Решётка ворот плавно ушла в сторону, пропуская машину. В полуподземном гараже, куда они заехали, их ждал отец Инге. Он невозмутимо принял из рук Фрэи сумки, задержал взгляд на лице – видимо, заметил синяки у переносицы – и, не став ничего спрашивать, помог занести вещи в дом.

Госпожа Сёренсен зазвала девушек пить чай. За разговорами Фрэя немного успокоилась, но стоило им с Инге встать из-за стола, мутная волна тревоги снова накрыла её. Подруга, наверное, что-то разглядела в лице Фрэи, потому что сделала страшные глаза "ты-от-меня-не-отвертишься" и повела её в свою комнату.

Фрэя понимала, что дальше играть на нервах Сёренсен чревато, поэтому, едва та закрыла дверь, Кьёр села на кровать и отправила Инге пристальный взгляд. Девушка, без слов заняв кресло напротив, приготовилась слушать.

– Дело в соседе.

– К нему по-прежнему никто не ходит? – не удержалась Инге, посмеиваясь.

– Лучше бы не ходил… В субботу к нему заявилась женщина… кхм, фривольной наружности. Около полуночи наверху поднялся гвалт и грохот. Она кричала и, вроде бы, плакала… В общем, я вызвала полицию.

Брови Сёренсен недоумённо выгнулись.

– Патрульные приехали, пробыли минут десять и укатили. Я всё ждала, когда эта… дама выйдет от него. Но, кажется… кажется, она так и не вышла. На утро он сунул мне записку под дверь, в которой извинился за "доставленные неудобства".

– И потом ты рванула к нам, – закончила Инге событийный ряд.

Фрэя кивнула.

– Мгм. А баба, отоспавшись до полудня, спокойно уехала к себе домой или в притон.

Скептические интонации неприятно укололи Фрэю, хотя, стоило признать, Инге рассуждала предельно трезво.

– Вечером, – продолжила она, – когда вернулась от вас, мы столкнулись с Хедегором в прихожей. Он в кромешной темноте менял перегоревшую лампочку. Я чуть не убилась, налетев на оставленный им табурет. Когда спросила, почему он не прихватил фонарик, он ответил, что "не подумал об этом". Не по-ду-мал. Как тебе?

Инге молча ждала продолжения, догадываясь, что это не конец.

– Сегодня вся площадка перед моей дверью была залита кровью.

– Чего?!

– Ну… не в прямом смысле залита… Но крови было много. Понимаешь? Если разбить нос или порезать палец, столько не вытечет.

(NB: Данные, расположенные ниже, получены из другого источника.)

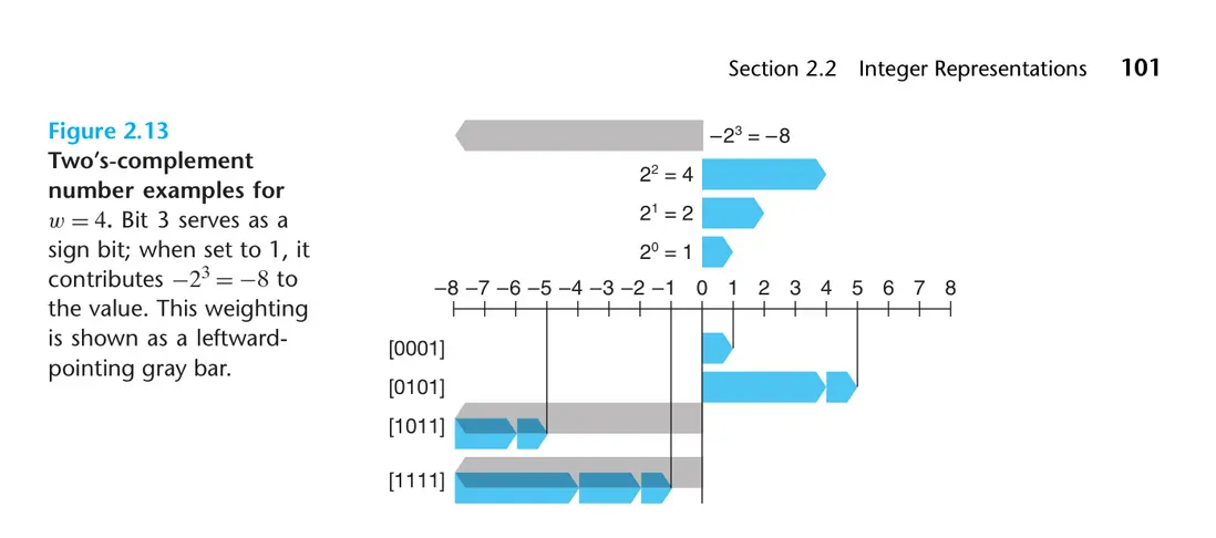 補碼就是將二進制位的最高位作為符號位,它的權重是 -2^(w -1) (這裏的 w 為比特位的個數) ,如果它設置為 1 表示負數,如果設置為 0,表示非負數。如下圖所示:

Я едва успела забежать в квартиру, когда спустился он – по уши вымазанный в этом. На груди футболка вообще насквозь пропиталась, а лицо… у него то ли болячка какая-то, то ли он… я не знаю – всё расцарапано, расчесано, красное, в мерзкой коросте… Думала – корни пущу у двери, пока он вытирал пол. Как только он свалил, я набрала тебя… Ты понимаешь теперь? Я не могла там оставаться!

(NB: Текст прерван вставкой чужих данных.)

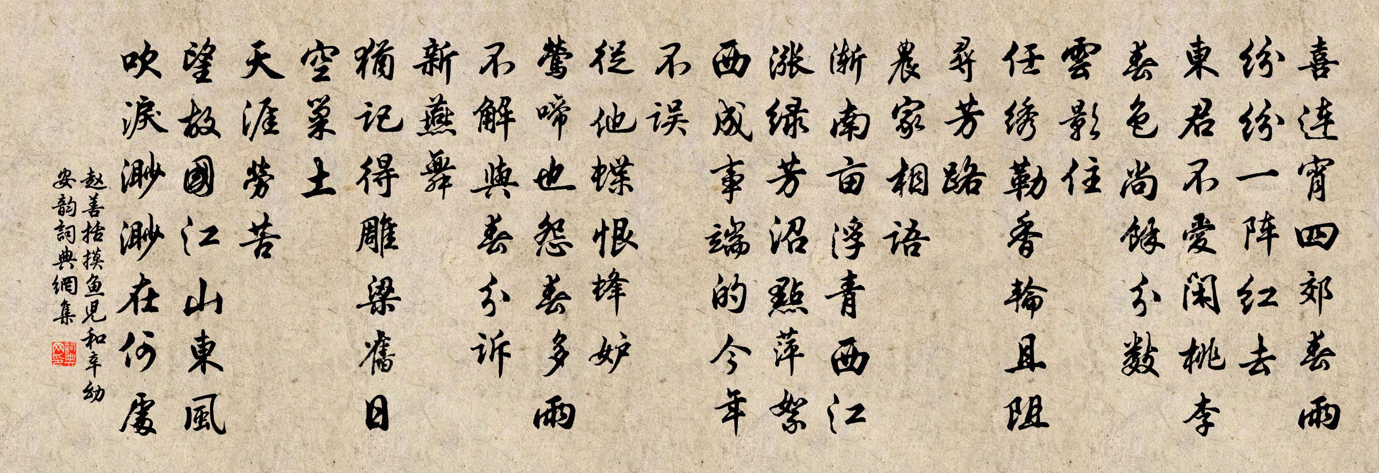 詩詞名句歷史字典書法欣賞書法字典國語詞典說文解字康熙字典古漢語字典標 題 作 者 詩 句 摸魚兒(和辛幼安韻)作者:趙善括 朝代:宋代摸魚兒(和辛幼安韻)原文喜連宵、四郊春雨。紛紛一陣紅去。東君不愛閒桃李,春色尚餘分數。雲影住。任繡勒香輪,且阻尋芳路。農家相語。漸南畝浮青,西江漲綠,芳沼點萍絮。西成事,端的今年不誤。從他蝶恨蜂妒。鶯啼也怨春多雨,不解與春分訴。新燕舞。猶記得、雕梁舊日空巢土。天涯勞苦。望故國江山,東風吹淚,渺渺在何處。詩詞問答問:摸魚兒(和辛幼安韻)的作者是誰?答:趙善括問:摸魚兒(和辛幼安韻)寫於哪個朝代?答:宋代問:摸魚兒(和辛幼安韻)是什麼體裁?答:詞趙善括摸魚兒(和辛幼安韻)書法欣賞摸魚兒(和辛幼安韻)書法作品詩詞推薦和黃雲甫韻陳普〔宋代〕志欲鑽研探三原,聖言爭奈遠如天。爬沙愧我遲而鈍,穿石輸君敏且專。方識立身須廣大,也知去道每輕儇。若將贈草庵禪師王禹偁〔宋代〕陽山山下草庵深,寂寂香燈對遠岑。莫怪相看總無語,坐禪為政一般心。送蜀客張祜〔唐代〕楚客去岷江,西南指天末。平生不達意,萬里船一發。行行三峽夜,十二峰頂月。哀猿別曾林,忽忽聲斷咽。嘉陵贈恭順皇后輓歌皇甫冉〔唐代〕徂謝年方久,哀榮事獨稀。雖殊百兩迓,同是九泉歸。詔使歸金策,神人送玉衣。空山竟不從,寧肯學湘妃。清心鏡 贈裴大器馬鈺〔元代〕修行人,要心善。奈業障相魔,裂他不轉。十二時、馬劣猿顛,沒巴避惡念。辦堅志,常鍛鍊。剿除絕跡,永無征和鄭國器六首曹勛〔宋代〕老境欣逢世路平,收回神觀遠逢迎。五更不復趨雙闕,六鑿都忘任七情。偈頌十八首釋師體〔宋代〕文殊三處度夏,彌勒一味放憨。善財走百十城,達磨九年面壁。恢闡拈花微笑,光揚布發掩泥。假中枉盧二十二書亦稱臥疾兼訝李二久不訪問…戲李二韋應物〔唐代〕微官何事勞趨走,服藥閒眠養不才。花里棋盤憎鳥污,枕邊書卷訝風開。故人問訊緣同病,芳月相思阻一杯。應笑金縷曲顧貞觀〔清代〕我亦飄零久!十年來,深恩負盡,死生師友。宿昔齊名非忝竊,只看杜陵窮瘦,曾不減,夜郎孱愁,薄命長辭知已送僧之華亭釋文珦〔宋代〕忽爾來相別,攜琴便出關。此行離日下,何事到雲間。郭外遙通海,舟前少見山。應思舊棲處,樵屋過秋閒。次韻李季章監簿泛湖樓鑰〔宋代〕仙舟共泛滄波去,且向蘇公堤下住。西風吹就芙蓉城,青鏡閒妝兩呈露。皇家家法崇儉素,宸心但欲乘商輅。離宮松江別詩盧祖皋〔宋代〕明月垂虹幾度秋,短蓬長是擊人愁。暮煙疏雨分攜地,更上松江百尺樓。歸庵王安石〔宋代〕稻畦藏水綠秧齊,松鬣初乾尚有泥。縱蹇尋岡歸獨臥,東庵殘夢午時雞。和總管姜知閣虞儔〔宋代〕五筆梅山漫不休,詩筒倏寄置書郵。分符我亦慚銅虎,問俗人誰忍佩牛。已洗圜扉亡久系,更教彩棒息群偷。年來秦虢夫人走馬圖二絕蘇轍〔宋代〕秦虢風流本一家,豐枝稼葉映雙花。欲分妍醜都無處,夾道遊人空嘆嗟。朱幀玉勒控飛龍,笑語喧譁步驟同。馳入生查子王予可〔元代〕夜色明河靜,好風來千里。水殿謫仙人,皓齒清歌起。前聲金中,後聲銀河底。一夜嶺頭雲,繞遍樓前水。辭世偈清溪沅禪〔宋代〕六十七年,無法可說。一片雲收,澄潭皎月。占巾子葉簡〔宋代〕近來好裹束,各自競尖新。稱無二三兩,因何號一斤。奉和襲美太湖詩二十首上真觀陸龜蒙〔唐代〕嘗聞升三清,真有上中下。官居乘佩服,一一自相亞。霄裙或霞粲,侍女忽玉奼。坐進金碧腴,去馳飆欻駕。今來到龍井寺鄭清之〔宋代〕竹門斜倚酒家簾,石路高低記水簾。炙背老農驚傴僂,乘肩痴女笑窺覘。數羝人立攀籬落,一蝶兒嬉掠繖檐。款約名句推薦江水漾西風,江花脫晚紅。王安石《江上》 一聲已動物皆靜,四座無言星欲稀。李頎《琴歌》 何謂享福之才,能讀書者便是;何謂創家之人,能教子者便是。王永彬《圍爐夜話·第一O四則》 如欲平治天下,當今之世,捨我其誰也。孟子《孟子·公孫丑章句下·第十三節》 桃李待日開,榮華照當年。李白《長歌行》 數回細寫愁仍破,萬顆勻圓訝許同杜甫《野人送朱櫻》 一張一弛,文武之道戴聖《禮記·雜記下》 富貴易生禍端,必忠厚謙恭,才無大患王永彬《圍爐夜話·第六三則》 冉冉年時暮,迢迢天路征。陸機《梁甫吟》 影孤憐夜永。永夜憐孤影。蘇軾《菩薩蠻·回文秋閨怨》

Инге издала протяжный стон и откинула голову на спинку кресла.

– Что же сегодня творится такое?… Одни полдня любили мне мозг, чтобы вечером отлюбить друг друга, а лучшая подруга вообще без прелюдии изнасиловала.

Фрэя кусала губы, пытаясь удержаться от последних откровений, но эти мысли жгли её, и выплеснуть всё до капли казалось жизненно необходимым. Так когда, если не сейчас? И Кьёр высказала все свои наблюдения скопом: что сосед спит днём и выходит из дома только по ночам, что в его окнах горит какой-то мертвецкий синий свет, что он не переступает порог без приглашения, что ориентируется в темноте, словно кот…

– И он был в крови всего два часа назад. Весь. С головы до ног.

– Ты к чему клонишь, Кьёр? Охренела что ли?

– Нет, ты мне скажи, на что это всё похоже?

– На бред. На полный бред, Фрэя. Очнись! Одно дело – тащиться от темы вампиров, зависать в готических клубах, странно одеваться, наращивать себе клыки и вставлять красные линзы. Это игра. Увлечение. Но на полном серьёзе подозревать человека в том, что он… не человек – это психоз, родная. Я тебе скажу прямо. Всё – абсолютно всё! – кроме последнего эпизода – это ахинея, на которую и внимания обращать не стоит. Что же касается кровавого потопа на лестничной клетке, вот здесь я бы привлекла полицию. Пусть идут и разбираются. В конце концов, может, он с киноплощадки бутафорскую кровь спёр и не донёс. А ты тут истеришь.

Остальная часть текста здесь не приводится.